Broad consent is the seeking of prospective consent from subjects to unspecified future research for the storage, maintenance, and secondary research use of private information or identifiable biospecimens. It serves as an alternative, not a waiver, to the standard informed consent requirements for a specific research study. Broad consent can be used under exempt categories 7 and 8.

Broad consent was designed to balance public concerns about the use of biospecimens for research without consent and the importance of advancing science using the wealth of collected data. Broad consent will provide subjects with a choice to say no to storage, maintenance, and secondary research.

Investigators must keep track of which subjects provided broad consent and which subjects refused. Tracking broad consent may require a complex system to tag and track biospecimens and subject consents.

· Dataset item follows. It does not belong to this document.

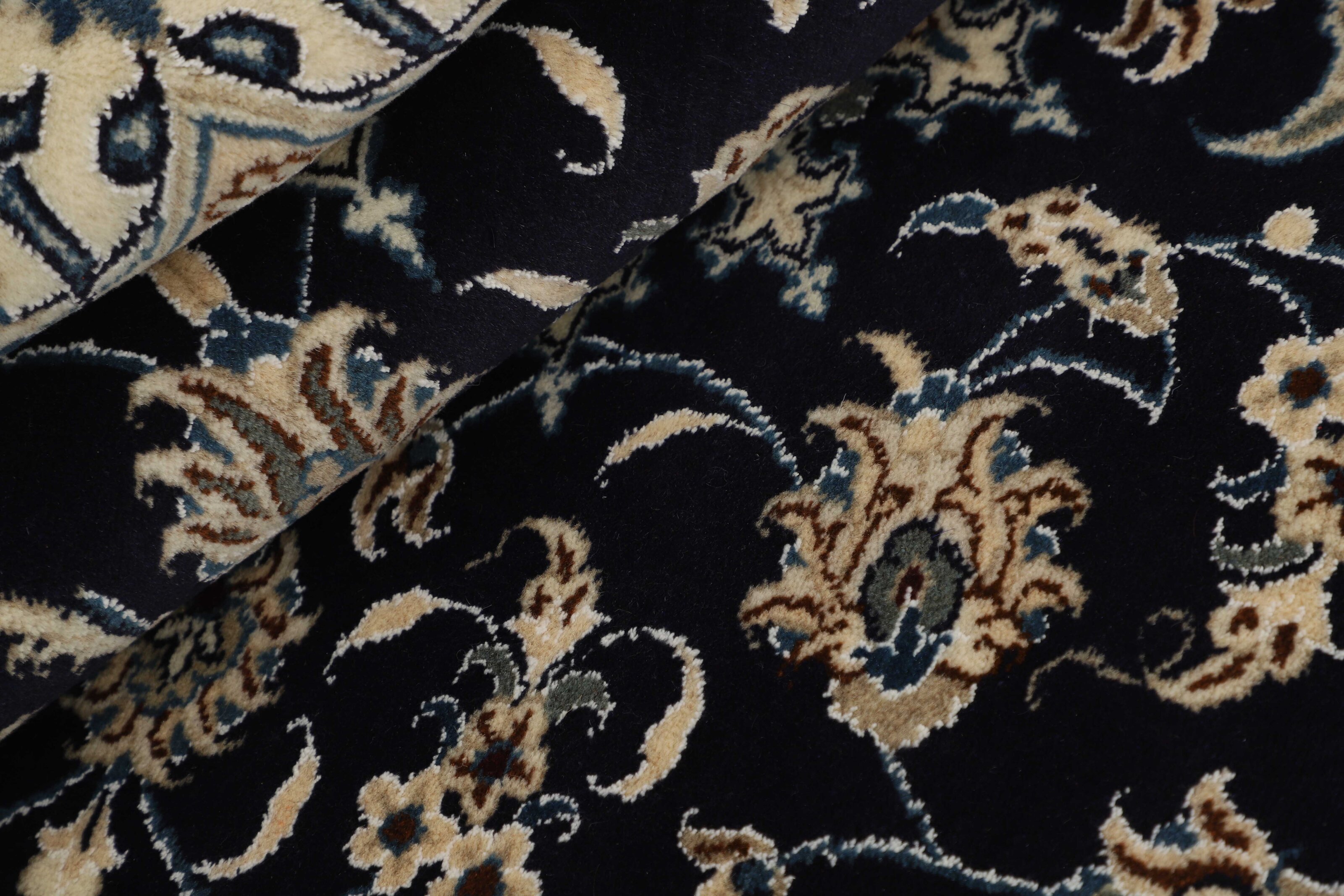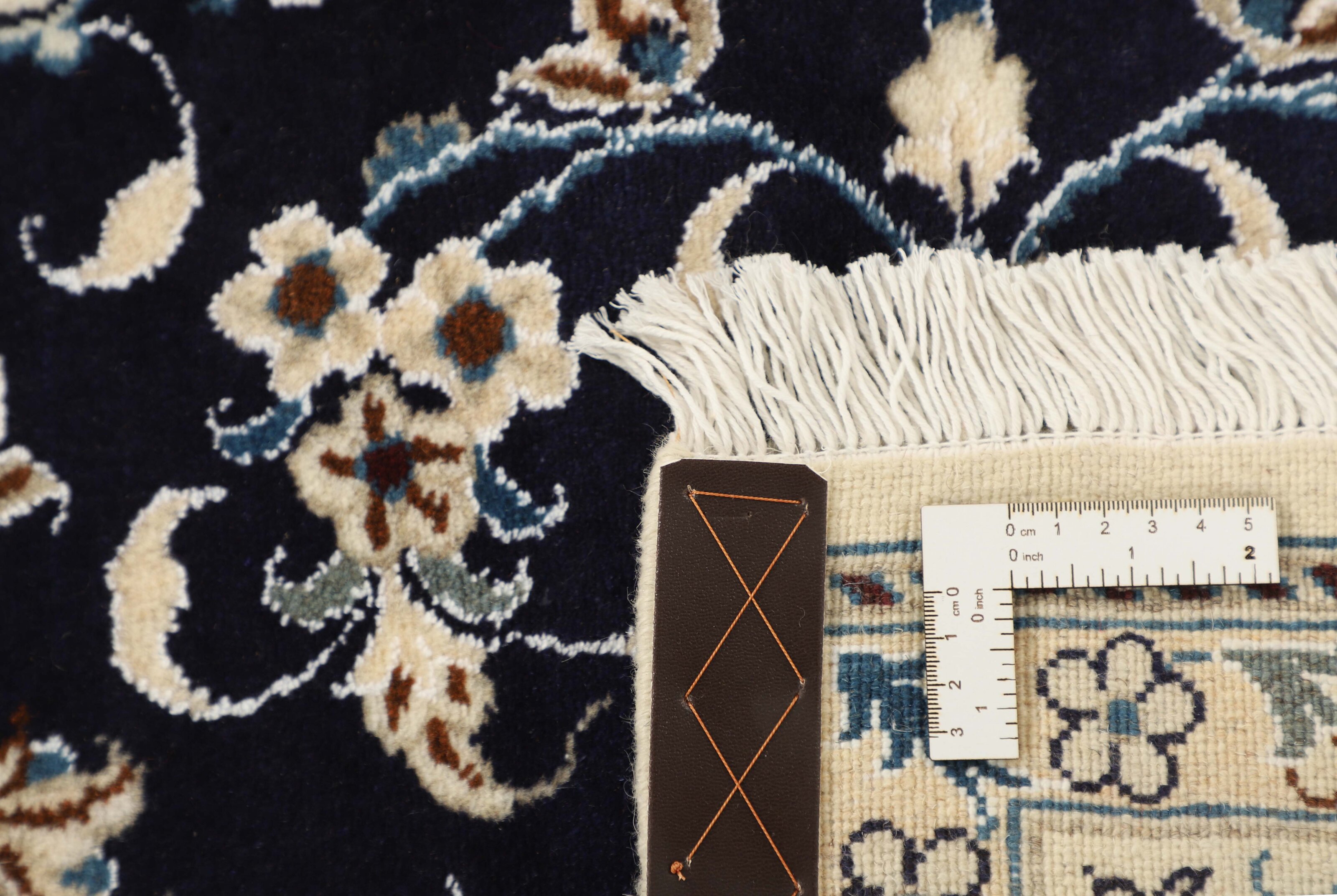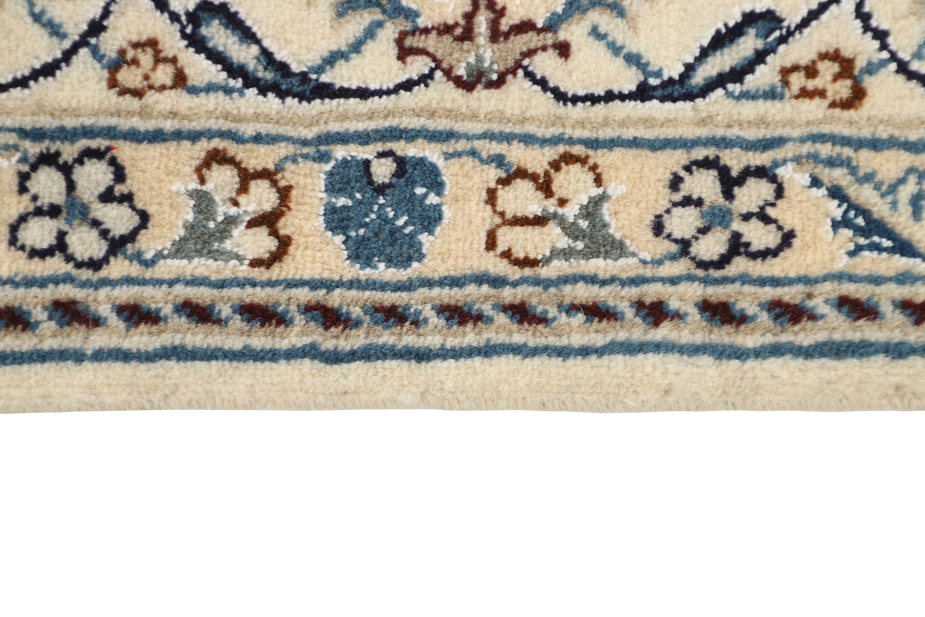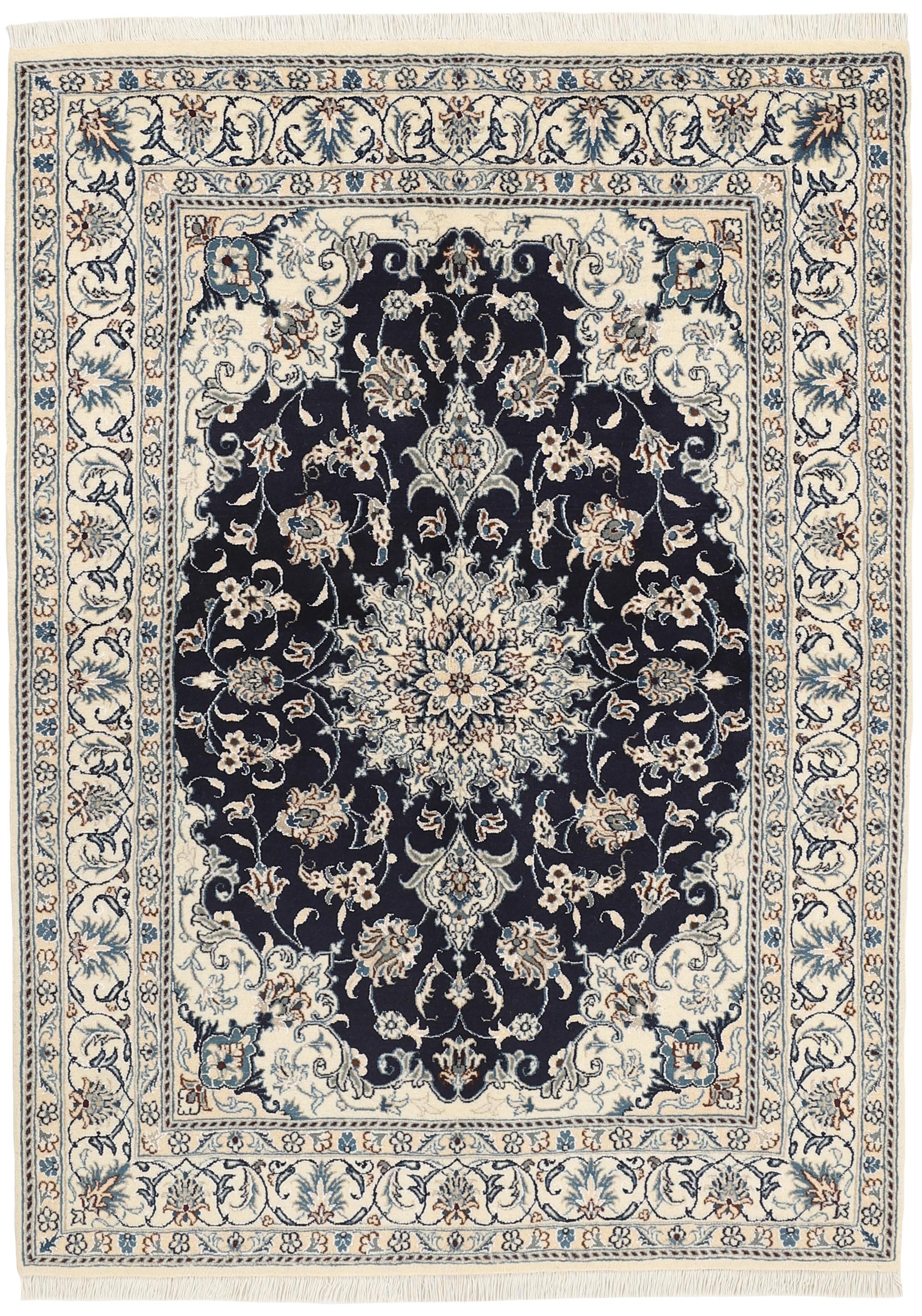 Nain KashmarItem no.: 1519872 Size: 149 cm x 205 cmNain is a city of about 50.000 people, located in the Isfahan Province. It has historic significance, since it was the last stop on caravan routes before Kavir-a-Lut, one of the deserts that stretch through the centre of Iran. The Nain Mosque is one of Iran’s oldest, and is built far better than the later and more famous mosques of Isfahan. The industry in Nain was traditionally focused on the production of wool garments, but the weavers switched to rug production when the demand fell. Their new products soon became famous, as the weavers were skilled and used good quality materials. The warp and weft are cotton, with a wool pile and contours of silk. Sometimes, silk is used more in the base. The colours are refined; nuances of ivory and cream, with small areas of red, green, and blue. As with the rugs from Isfahan, the patterns of the Nain rugs are also classical. The Nain rugs are made in all sizes, including the very large of up to 60m2, and some of these have a pure silk pile. The largest Nain rug produced was 20 by 20 metres.

Below is an outline of the broad consent

Broad Consent

  1. Study Title:
  2. General description of the types of research that may be conducted using the secondary data:
  3. Description of the information or biospecimens that might be used in future research; whether sharing might occur; and the types of institutions or investigators that might conduct research:
  4. Description of the length of time that the information or biospecimens may be stored, maintained, and used:
  5. A statement about whether subjects will or will not be informed of the details of any subsequent research.
  6. A statement that research results either will or will not be disclosed to subjects.
  7. Contact information of the investigator
  8. Elements from the list below to be included as deemed appropriate
    • Risks/Discomfort to human subjects
    • Benefits to human subjects
    • Confidentiality of the data
    • Voluntary participation statement
    • Commercial profit (when appropriate)
    • Whole genome sequencing (when appropriate)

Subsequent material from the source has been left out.